EXERCISE DATA:
■ ■ ■ ■ ■

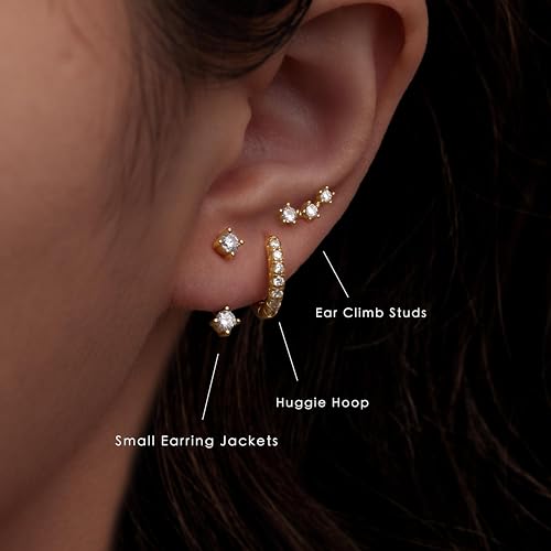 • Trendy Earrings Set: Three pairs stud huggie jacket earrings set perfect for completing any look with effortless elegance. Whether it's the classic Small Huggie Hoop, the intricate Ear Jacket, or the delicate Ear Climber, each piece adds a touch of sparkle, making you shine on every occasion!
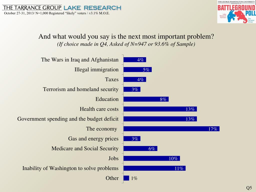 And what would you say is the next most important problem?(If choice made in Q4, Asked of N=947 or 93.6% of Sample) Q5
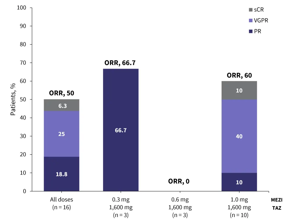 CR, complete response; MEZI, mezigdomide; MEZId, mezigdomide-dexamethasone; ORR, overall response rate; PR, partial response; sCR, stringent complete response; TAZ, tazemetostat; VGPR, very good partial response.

■ ■ ■ ■ ■

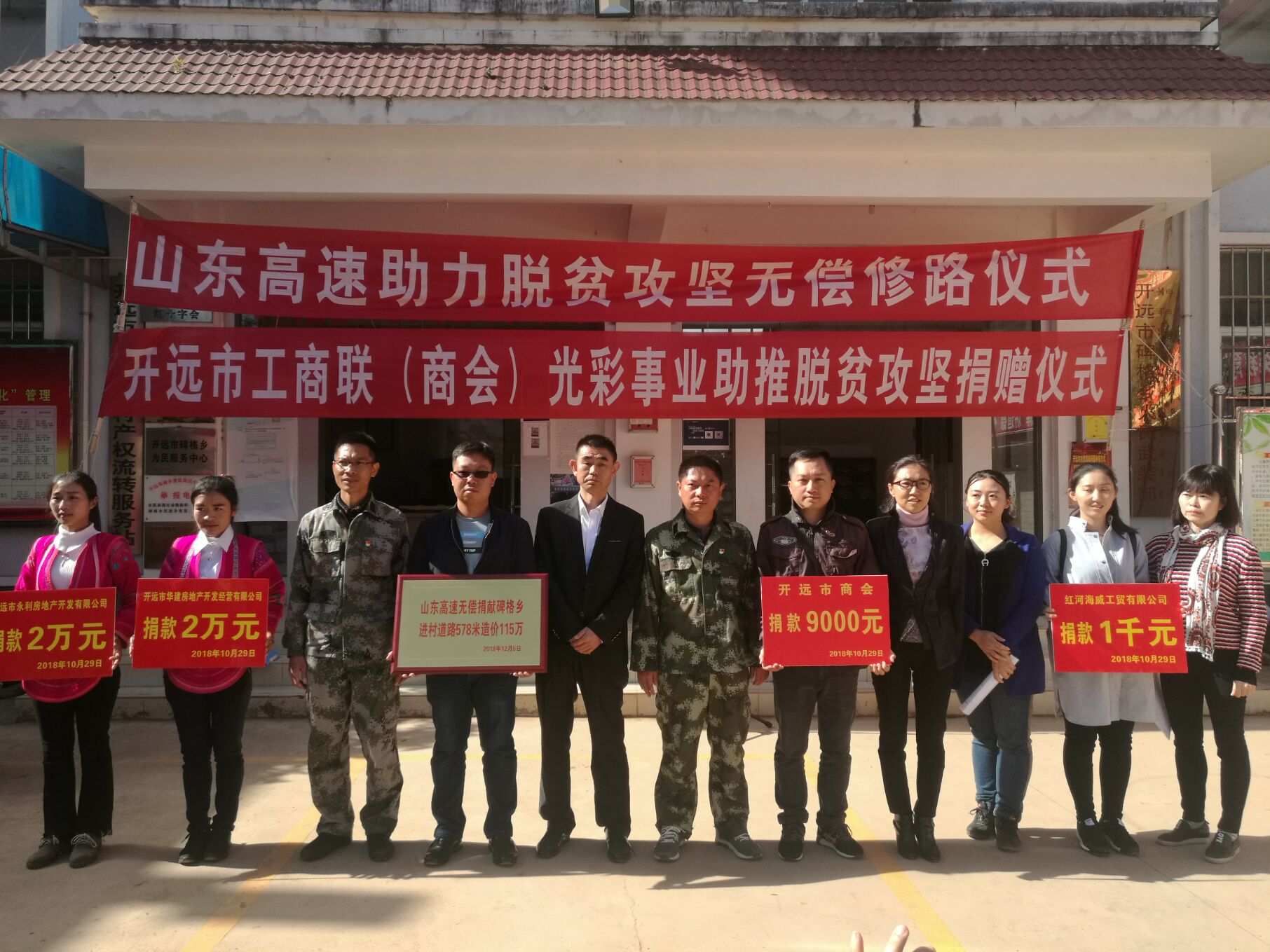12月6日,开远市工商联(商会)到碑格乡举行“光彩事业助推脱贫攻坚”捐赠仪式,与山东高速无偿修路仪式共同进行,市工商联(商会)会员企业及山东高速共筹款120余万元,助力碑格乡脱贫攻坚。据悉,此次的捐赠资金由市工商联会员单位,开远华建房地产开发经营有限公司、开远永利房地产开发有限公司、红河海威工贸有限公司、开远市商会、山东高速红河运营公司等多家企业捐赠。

■ ■ ■ ■ ■

EXERCISE DETAILS: Quote the lines above exactly, starting with the one that has "And what would" and ending with the one that has "CR, complete response;"; drop the pictures and include nothing else.

SOLUTION TO THIS EXERCISE:
 And what would you say is the next most important problem?(If choice made in Q4, Asked of N=947 or 93.6% of Sample) Q5
 CR, complete response; MEZI, mezigdomide; MEZId, mezigdomide-dexamethasone; ORR, overall response rate; PR, partial response; sCR, stringent complete response; TAZ, tazemetostat; VGPR, very good partial response.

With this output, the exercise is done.